From the initial state, we probably have a really poor system (may be only output zero). By using X and Y to train, we try to derive a better parameter θ. The training process (learning process) may be time-consuming, because the algorithm updates parameters only a little on every training step.

2. Cost Function?

Suppose driving from somewhere to Toronto: it is easy to know the coordinates of Toronto, but it is more important to know where we are now! Cost function is the tool giving us how different between  Hypothesis and label Y, so that we can drive to the target. For regression problem, we use MSE as the cost function.

 
This can be understood from another perspective. Suppose the difference between Y and H is ε, and ε~N(0,σ2). So, y~N(θTX,σ2). Then we do Maximum Likelihood Estimate, we can also get the same cost function. (https://stats.stackexchange.com/questions/253345/relationship-between-mle-and-least-squares-in-case-of-linear-regression)
 
 
3.Gradient Descent
 
The process of GD is quite like go downhill along the steepest direction on every dimension.
 
 
We take derivatives along every dimension
Then update all θ by a small learning rate alpha simultaneously:
 
4. Batch Learning, Stochastic and Mini Batch
 
In above, we use all the training examples together to calculate cost function and gradient. This method is called 'Batch Gradient Descent'. The issue here is: what if there is a exetremely large data set? The training process can be quitely long. A variant is called Stochastic Gradient Descent, also 'Online Learning'. Every time when it trains, the algorithm only uses a single training example, which may result in very zigzagged learning curve. Finally, the most popurlar version:' Mini-Batch Gradient Descent'. It chooses a small group of training example to learn, so the speed is OK, and the learning curve is more smooth.

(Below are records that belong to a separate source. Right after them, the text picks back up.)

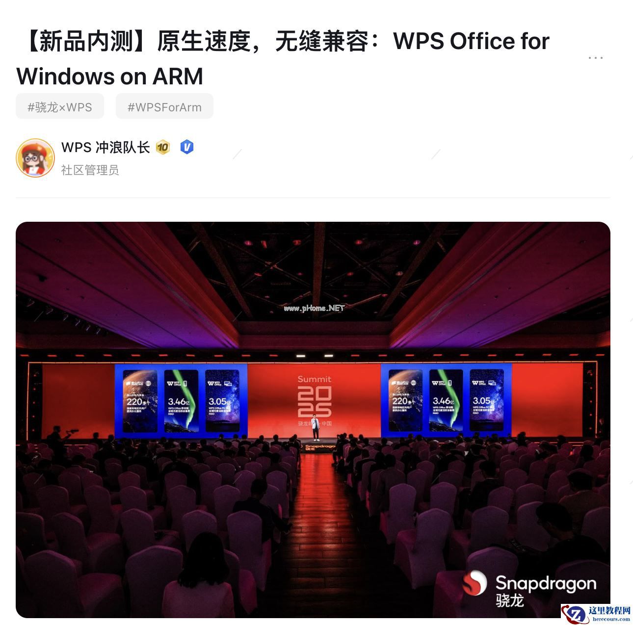 2 月 14 日消息,据官方社区消息,金山 WPS 办公软件 Windows on Arm(WoA)原生版现已开启内测,支持骁龙 X 系列的 Win 笔记本。
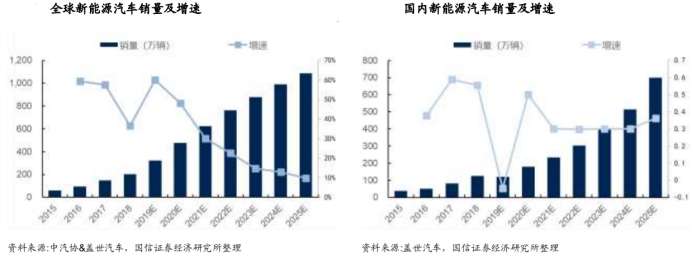 中国一直是全球范围内最大的新能源汽车消费国,占比高于 50%。2019 年之前国内新能源汽车呈爆发增长态势,据中汽协数据,2015 年国内销量仅为 37万辆,到 2018 年已经增长至 126 万辆,年复合增长率高达 50.44%。2019 年受新能源汽车补贴下坡影响,首次出现负增长,预计未来随着新能源汽车补贴政策回暖,国内市场将恢复高速增长的态势,销量将于 2025 年突破 700 万辆。
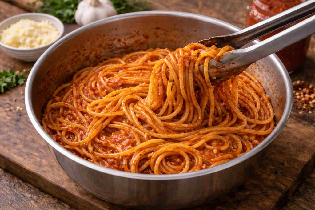 - Meanwhile, toss cooked spaghetti with marinara sauce until well coated.
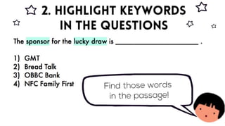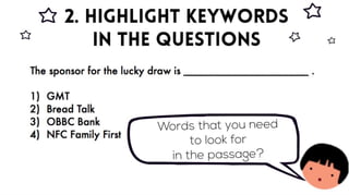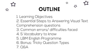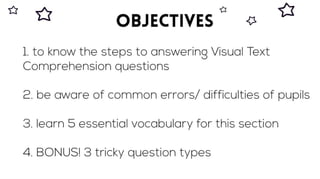 The visual text comprehension component takes up 8 marks in Booklet A of Paper 2 and is an area which some children will describe as a piece of cake! After all, it is a multiple choice question section, it should be simple, right? Why is it that children are not able to score full marks then? Let us find out whether your child is making some common errors that are preventing them from scoring and the steps that they can take to clinch those 8 marks! On the live webinar, you will learn... 1. the steps to answering Visual Text Comprehension questions 2. to be aware of common errors/ difficulties of pupils 3. 5 essential vocabulary for this section 4. BONUS! 3 tricky question types Who is this webinar for? You will be interested to join us 1. If you are a parent who is looking to guide your children at home or 2. If you are a primary school *student looking to score well for your Grammar MCQ * We strongly encourage parents to accompany their children in attending our webinars so that parents can provide technical support as well as to take advantage of any promotions that we may run during the webinar. Duration of the webinar : 45 mins ~ 60 mins
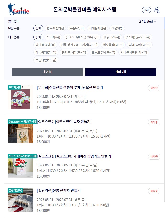 돈의문박물관마을 예약 시스템을 이용하여 다양한 체험 활동을 신청할 수 있습니다.
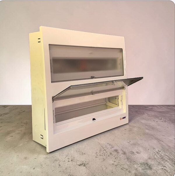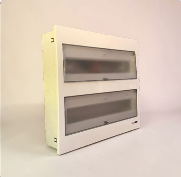 لوحة توزيع كهربائية عالية الجودة مصممة لإدارة الدوائر الكهربائية بكفاءة وموثوقية في المنشآت السكنية والتجارية. تتسع هذه الوحدة ذات الصفين لما بين 28 و36 مخرجًا، مما يوفر سعة كبيرة لتنظيم دوائر متعددة بسهولة. يتميز الغلاف الأبيض الأنيق ببابين شفافين قابلين للطي، مما يسمح بفحص المكونات الداخلية بسرعة مع الحفاظ عليها محمية. يضمن التصميم المتين عمرًا طويلًا، كما أن التصميم المدروس يجعل التركيب والصيانة سهلين للفنيين الكهربائيين المؤهلين. يفتح كل باب بسلاسة على مفصلاته، مما يتيح الوصول بسهولة إلى سكة DIN ومنافذ توصيل الأسلاك بالداخل. سواء كنت تقوم بإنشاء نظام كهربائي جديد أو ترقية نظام قائم، فإن صندوق التوزيع هذا يوفر لمسة نهائية أنيقة واحترافية تناسب التصميمات الداخلية الحديثة. مناسب للتركيب السطحي أو المدمج، وهو خيار موثوق لأي متطلبات توزيع كهربائية.

Linear Regression and Gradient Descent (English version)的更多相关文章

  1. Linear Regression Using Gradient Descent 代码实现

    参考吴恩达<机器学习>, 进行 Octave, Python(Numpy), C++(Eigen) 的原理实现, 同时用 scikit-learn, TensorFlow, dlib 进行 ...

  2. 线性回归、梯度下降(Linear Regression、Gradient Descent)

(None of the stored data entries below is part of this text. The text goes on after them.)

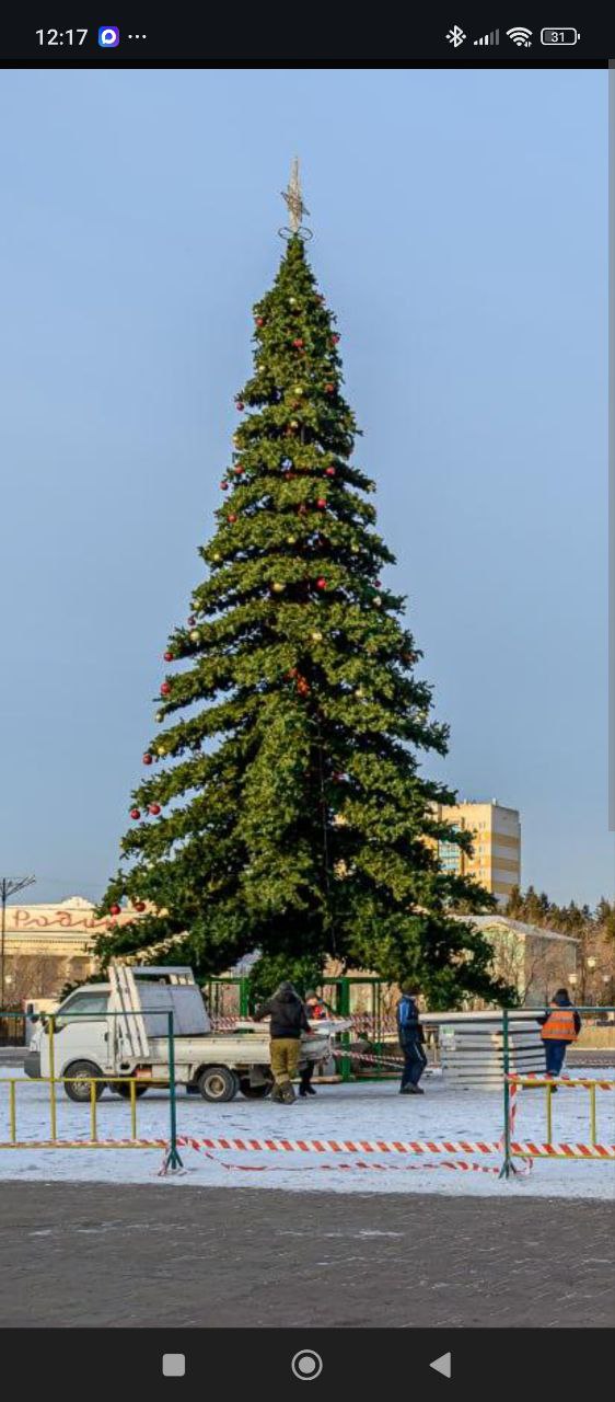 «В Чите (Забайкалье) поставили такую ёлку. Искусственная, но смотрится шикарно. И веточки и иголочки и украшают её большими шарами. Вот бы нам такую. В темноте время суток светится красиво»
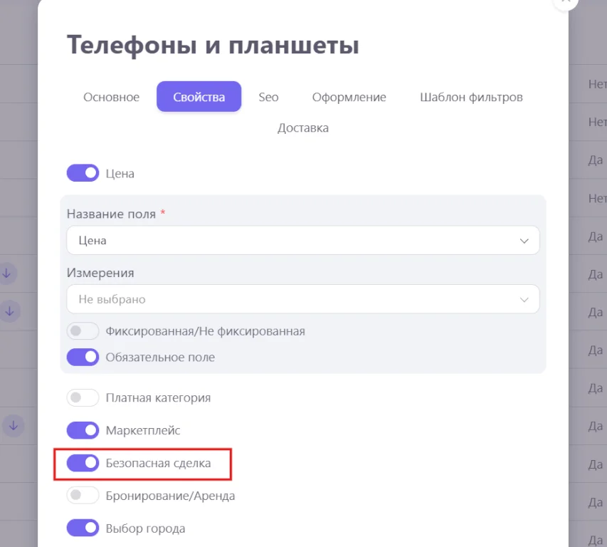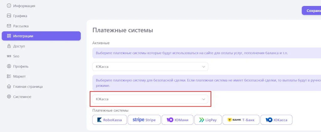 Для того, чтобы включить покупку товаров или услуг на сайте необходимо настроить категории. Для каждой категории сделки включаются и настраиваются отдельно. Так же необходимо выбрать платежную систему для безопасных сделок в настройках сайтах в разделе интеграции
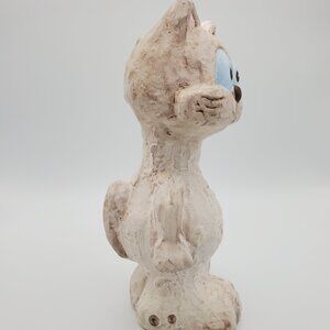 Vintage Anthropomorphic Cat Figurine Textured Terracotta Big Feet Cute Face

    转载请注明出自BYRans博客:http://www.cnblogs.com/BYRans/ 实例 首先举个例子,假设我们有一个二手房交易记录的数据集,已知房屋面积.卧室数量和房屋的交易价格,如下表: ...

  3. 斯坦福机器学习视频笔记 Week1 Linear Regression and Gradient Descent

    最近开始学习Coursera上的斯坦福机器学习视频,我是刚刚接触机器学习,对此比较感兴趣:准备将我的学习笔记写下来, 作为我每天学习的签到吧,也希望和各位朋友交流学习. 这一系列的博客,我会不定期的更 ...

  4. 斯坦福机器学习视频笔记 Week1 线性回归和梯度下降 Linear Regression and Gradient Descent

    最近开始学习Coursera上的斯坦福机器学习视频,我是刚刚接触机器学习,对此比较感兴趣:准备将我的学习笔记写下来, 作为我每天学习的签到吧,也希望和各位朋友交流学习. 这一系列的博客,我会不定期的更 ...

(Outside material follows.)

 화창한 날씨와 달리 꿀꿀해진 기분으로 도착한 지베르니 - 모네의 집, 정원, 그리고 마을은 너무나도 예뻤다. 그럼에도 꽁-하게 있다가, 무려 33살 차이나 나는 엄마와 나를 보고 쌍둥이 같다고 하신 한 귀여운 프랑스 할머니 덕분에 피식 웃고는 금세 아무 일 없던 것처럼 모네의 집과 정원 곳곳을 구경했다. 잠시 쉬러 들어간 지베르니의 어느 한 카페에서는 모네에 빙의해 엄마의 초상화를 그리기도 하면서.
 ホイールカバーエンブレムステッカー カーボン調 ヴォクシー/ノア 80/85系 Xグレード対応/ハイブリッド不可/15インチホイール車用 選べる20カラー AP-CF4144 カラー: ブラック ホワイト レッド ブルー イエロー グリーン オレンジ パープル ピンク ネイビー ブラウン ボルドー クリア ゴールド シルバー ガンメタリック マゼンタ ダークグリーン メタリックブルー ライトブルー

  5. Linear Regression and Gradient Descent

    随着所学算法的增多,加之使用次数的增多,不时对之前所学的算法有新的理解.这篇博文是在2018年4月17日再次编辑,将之前的3篇博文合并为一篇. 1.Problem and Loss Function ...

  6. Logistic Regression and Gradient Descent

    Logistic Regression and Gradient Descent Logistic regression is an excellent tool to know for classi ...

  7. Logistic Regression Using Gradient Descent -- Binary Classification 代码实现

    1. 原理 Cost function Theta 2. Python # -*- coding:utf8 -*- import numpy as np import matplotlib.pyplo ...

  8. flink 批量梯度下降算法线性回归参数求解(Linear Regression with BGD(batch gradient descent) )

    1.线性回归 假设线性函数如下: 假设我们有10个样本x1,y1),(x2,y2).....(x10,y10),求解目标就是根据多个样本求解theta0和theta1的最优值. 什么样的θ最好的呢?最 ...

  9. machine learning (7)---normal equation相对于gradient descent而言求解linear regression问题的另一种方式

    Normal equation: 一种用来linear regression问题的求解Θ的方法,另一种可以是gradient descent 仅适用于linear regression问题的求解,对其 ...

随机推荐

  1. 2019Android阿里&腾讯&百度&字节面试汇总(附面试题总结、Android书单)

    1.基本情况 先简单说说我今年的面试经历吧,本人2018届211软件工程硕士生,Android开发岗.此文主要是2019年年初春招的面试和秋招面试经验汇总,最终拿到了阿里,腾讯,字节跳动,百度等off ...

  2. 那些年很脑残的bugs

    1.老师给了前端界面,我们用java写后台. 我改了表单form的action属性,让它跳到自己写的servlet上面去.自己在servlet里面对数据库一顿操作猛如虎,然后让servlet跳回原来页 ...

  3. C#设计模式:装饰者模式(Decorator Pattern)

    一,装饰者模式(Decorator Pattern):装饰模式指的是在不必改变原类文件和使用继承的情况下,动态地扩展一个对象的功能. 二,在以上代码中我们是中国人是根本行为,我们给中国人装饰我会说英语 ...

  4. JVM(7)之 从GC日志分析堆内存

    开发十年,就只剩下这套架构体系了! >>>   在前面的文章中,我们只设置了整个堆的内存大小.但是我们知道,堆又分为了新生代,年老代.他们之间的内存怎么分配呢?新生代又分为Eden和 ...

  5. ssh-agent - 认证代理

    总览 (SYNOPSIS) ssh-agent [-a bind_address ] [-c | -s ] [-t life ] [-d ] [command [args ... ] ] ssh-ag ...

  6. 北京太速科技有限公司 layout 事业部

      涵盖领域设计能力 ·通信板卡:PCI/PCIE/CPCI/VPX/光通信/无线通信/射频雷达/显卡                     1.最小线宽:2MIL·主板服务器:电脑主板/交换机/服 ...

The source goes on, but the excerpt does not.